You’ve met someone you really like – congrats! You’ve been on a few dates (or maybe you’ve just connected online), and you’re enjoying sharing insight into your job, interests, and family with them on your own terms – until their inevitable Facebook request appears. All of a sudden you’re a little concerned that declaring to this person that you “don’t really party often anymore”, might conflict with the 150 posted photos of your friend’s Bachelorette party last weekend, and a silent panic ensues. 

Here’s what to do next:

  1. Conduct a photo audit: Because the first thing this person is going to do is click through every single one of your Profile Pictures, start with those. Ensure that any photos featuring your exes, beer bong, or blurry nights from the early 2000’s that happened to be immortalized on film and seemed hilarious at the time have been removed. And because I know that no email strikes fear into someone’s heart quite like “your friend has tagged you in 25 photos on Facebook” (which raises its own set of questions), you may need to embark on an un-tagging spree.
  2. Pick your Privacy Settings: Your date has probably already perused your Public Profile by now, but it doesn’t hurt to tighten up your Privacy Settings anyway. Lock everything down and make sure all of your content is only visible to friends. Aside from being completely necessary to portray a professional image for job prospects, it might even heighten the intrigue when it comes to your future love life. You don’t need this person’s friend’s friend’s friends seeing anything you’re not ready to share yet.
  3. Take care of TMI: A few years ago you may have gone through a bad break-up and posted an extra emotional status, or maybe you used to swear a lot more, or maybe you did something silly like publish your personal contact information. 600+ people, or however many Facebook friends you have certainly do not need access to this. Scan through your old activity and delete any posts you aren’t proud of, and reel in any of your shared phone numbers and outwardly visible home/work addresses.
  4.  Give your Timeline some TLC: By this point you might be feeling a little bit down on yourself, so why not flip the script by highlighting Facebook activity you are proud of! Scroll through your Timeline and use the Highlight button, by hovering over a story or photo and clicking on the star. Consider photos from that volunteer trip you took abroad, work related milestones, and interesting places you checked-in at like concerts or festivals. This will be the content that stands out during a preliminary Facebook creeping session.

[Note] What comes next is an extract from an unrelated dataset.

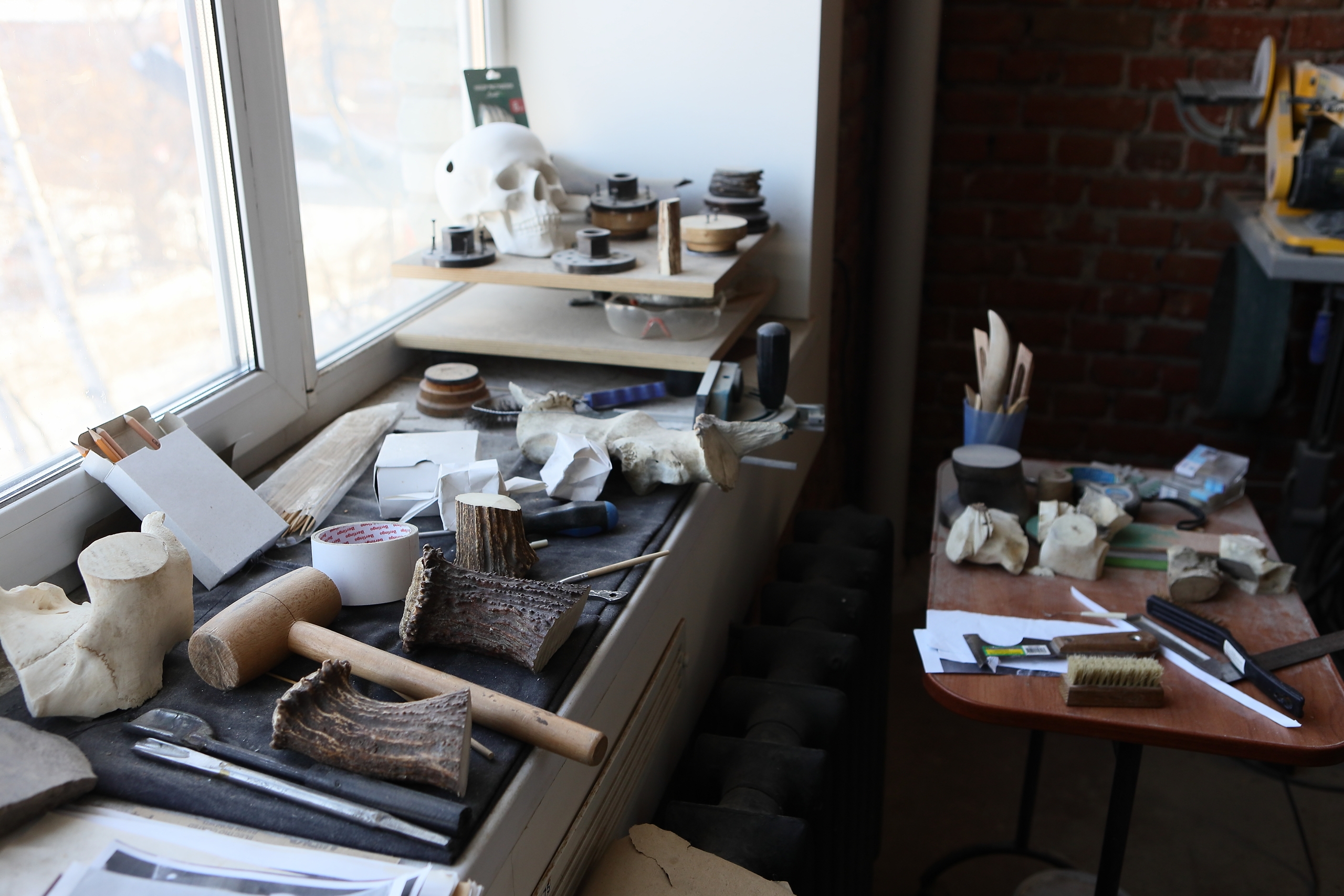 В этой мастерской Михаил работает только с костью мамонта. Не терпит древность конкурентов – как объясняет Михаил, для скульптур из кости такое соседство может быть опасным, к тому же крошка пенопласта и мрамора засыпает всё вокруг. Мрамор – натуральный и литьевой, дерево, другие материалы – Михаил работает со многими, но неизменно возвращается к своему любимому – кости мамонта. Здесь целая философия:

  5. Calm Down: The most important way to avoid freaking out when someone you’re interested in adds you on Facebook is to remember why they friend requested you in the first place – they already like you! Your Facebook profile doesn’t need to feature only perfectly manicured photos and profound statuses around the clock. You’re a real person, and your online identity should merely be a fun extension of your real-life self, so when you’re ready, click ACCEPT. Pretty soon you will be looking at photos of your date… passed out at his 2003 frat party with pen all over his face, and you will probably like him just the same.